More than 900 subpostmasters were wrongly prosecuted between 1999 and 2015 after faulty Horizon accounting software made it look as though money was missing from their accounts.
Hundreds are still awaiting compensation despite the previous government announcing that those who have had convictions quashed are eligible for £600,000 payouts.
‘I want justice and to be publicly vindicated,’ Mr Castleton told the BBC. He is seeking to have a civil action taken against him by the Post Office overturned or set aside. ‘I’d like to effectively have my day in court as well,’ he said.
Mr Castleton was sued by the Post Office for £25,000 it said was missing from his branch in Bridlington, East Yorkshire, in 2007. His two-year legal fight saw him declared bankrupt following legal costs of £321,000.
He said he had little faith in compensation schemes set up by the Post Office for wrongfully-convicted sub-postmasters.
According to the BBC, he instructed his solicitors to launch High Court proceedings against the Post Office and Fujitsu on Tuesday, seeking a multi-million pound sum in compensation over the original judgment against him being obtained by fraud.

Lee Castleton (pictured), from Bridlington, East Yorkshire, is the first individual to sue the two organisations in the wake of the controversy

Former post office workers Lee Castleton (left) and Noel Thomas celebrate outside the Royal Courts of Justice, London, after their convictions were overturned
‘Lee faced a David versus Goliath battle against the Post Office and we are fully ready to take this all the way to the high court should we need to,’ his lawyer Simon Goldberg, from Simons Muirhead Burton, told the BBC.
‘It was never about recovery of the sum of money – it was to make an example of Mr Castleton.’
Mr Goldberg also told the Telegraph: ‘He wants public vindication. He was crushed by the Post Office and he wants the acknowledgement by a court of law that he was innocent all the way along.
‘For Lee, he had to move towns, he had to leave his property, his job was gone forever, he was a pariah. So of course these claims are multi-million pound claims, because you’re starting again – they destroyed his life.’

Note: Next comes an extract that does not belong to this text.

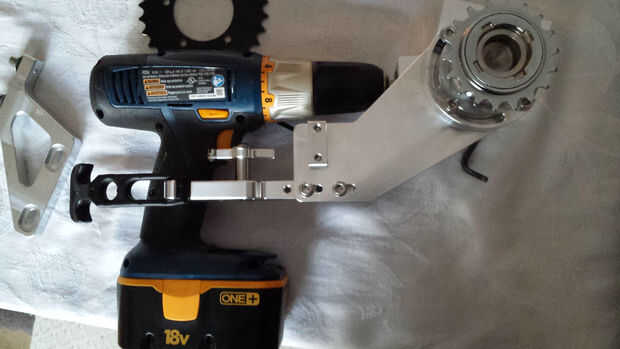 Este es el corazón y el alma a este proyecto, los taladros tienen un montón de energía para ofrecer pero que va por el camino correcto es el truco. Usted puede ir a conseguir un accesorio de ángulo recto y mod, lamentablemente no hago cosas así. A la CNC y torno con esta Asamblea. Carcasa de aluminio completo con engranajes de ángulo recto acero inoxidable 304 y de salida, a un simple piñón #25. La funda es un diseño de liberación rápida con ajustes. Porque hay una serie de ejercicios diferentes que se pueden utilizar. He diseñado así que encajo diferentes marcas y modelos de ejercicios, sólo cambian y cambio del soporte de sujeción para hacer diferentes ejercicios para adaptarse.

His case came under the spotlight in January 2024 when it featured heavily in the ITV drama Mr Bates vs The Post Office. Mr Castleton was portrayed by actor Will Mellor in the successful drama.

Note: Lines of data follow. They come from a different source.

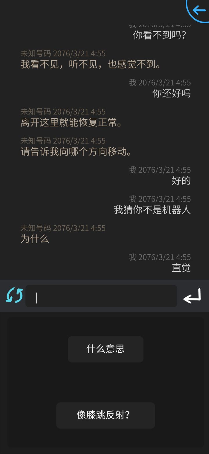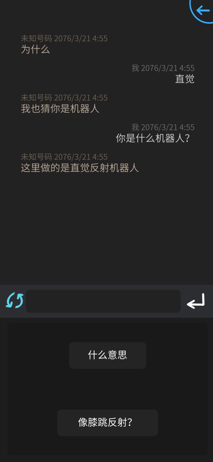 有一个对话bug“我猜你不是机器人”对方的回复是“我也猜你是机器人”也是哪来的...我明明猜的不是机器人啊orz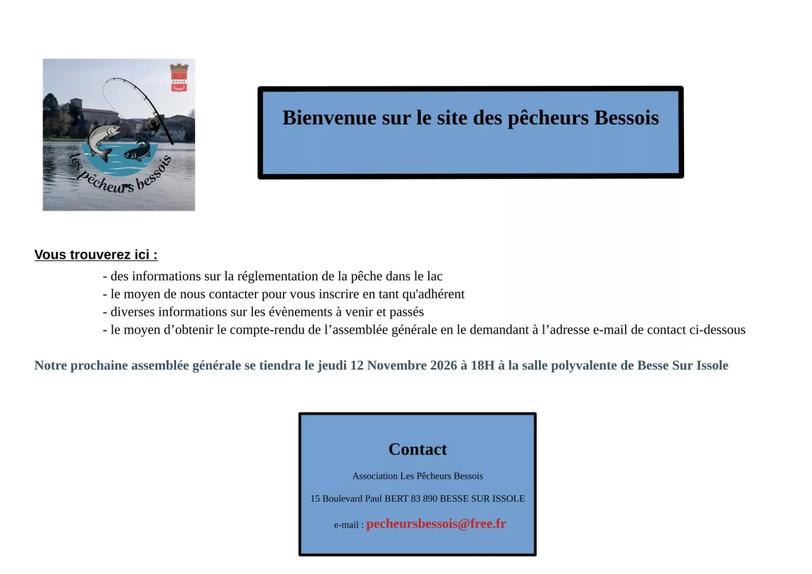 Accueil Réglement de la pêche Arrêté municipal Cartes Poissons Prochains évènements Evènements passés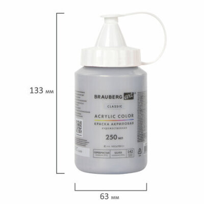 Краска акриловая художественная BRAUBERG ART CLASSIC, флакон 250 мл, СЕРЕБРИСТАЯ, 191715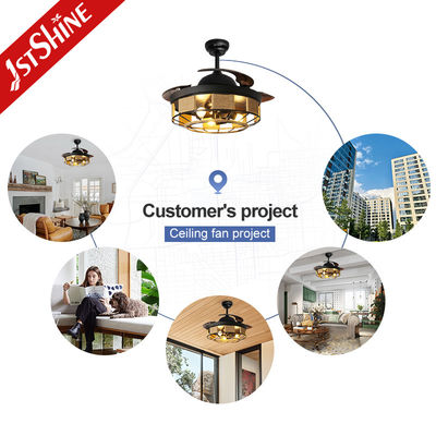 مروحة سقف داخلية سوداء قابلة للانسحاب ذات ضوء وجهاز تحكم عن بعد

He said the campaign had undergone ‘a complete turnaround’ after the drama aired, adding: ‘The whole of the nation seems like they’re very much behind us.’

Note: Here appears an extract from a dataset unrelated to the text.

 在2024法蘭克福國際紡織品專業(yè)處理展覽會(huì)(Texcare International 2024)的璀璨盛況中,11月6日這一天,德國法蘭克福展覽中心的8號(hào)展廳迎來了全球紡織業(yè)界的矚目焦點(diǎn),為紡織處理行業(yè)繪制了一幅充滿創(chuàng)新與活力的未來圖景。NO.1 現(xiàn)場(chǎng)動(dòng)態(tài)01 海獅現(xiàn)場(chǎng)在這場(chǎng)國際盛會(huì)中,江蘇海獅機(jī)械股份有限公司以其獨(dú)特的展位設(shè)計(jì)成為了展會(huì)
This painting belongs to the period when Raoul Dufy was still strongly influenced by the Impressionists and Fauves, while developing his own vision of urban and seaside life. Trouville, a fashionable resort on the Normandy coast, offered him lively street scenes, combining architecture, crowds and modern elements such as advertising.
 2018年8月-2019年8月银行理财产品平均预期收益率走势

Mr Castleton said there were still ‘highly pensioned, highly paid’ executives at the Post Office who needed to be held accountable for their role in the Horizon scandal.
He went on: ‘I hope that our fight, my fight, everyone’s fight, continues until something changes. I just don’t mean for our group, I mean for everybody. Society deserves so much better. We deserve proper justice – there’s nobody in this country that’s above the law.’

His case came under the spotlight in January 2024 when it featured heavily in the ITV drama Mr Bates (portrayed by Toby Jones, pictured above) vs The Post Office. Mr Castleton was portrayed by actor Will Mellor in the successful drama

Seema Misra has been made an OBE in the New Year Honours list, for services to Justice
Mr Castleton was one of four sub-postmasters who campaigned for justice for victims of the Post Office scandal to have been awarded OBEs in the New Years Honours.
Seema Misra, Chris Head and Jo Hamilton were given the honours alongside Mr Castleton after fellow campaigner Sir Alan Bates was knighted last year.
Mrs Misra was pregnant with her second child when she was convicted of theft and sent to jail in 2010 and had her baby while serving a prison sentence.
She was one of the hundreds of sub-postmasters who were accused of theft after faults in the Post Office’s Horizon IT system made it appear that money was missing from their branch accounts.
Mrs Misra ran a Post Office in West Byfleet, Surrey, but was suspended in 2008 and handed a 15-month prison sentence in November 2010, on her son’s 10th birthday, after she was wrongly accused of stealing £74,000.
She said the scandal was ‘ongoing’ and that many sub-postmasters were still waiting for compensation and ‘accountability’ from the Post Office.
She said she was ‘very honoured’ by the OBE, adding: ‘It will give more weight to the fight and we need to keep reminding people the scandal hasn’t been sorted out yet.
‘It’s one of the main reasons I accepted it – to remind people that the scandal hasn’t gone yet.’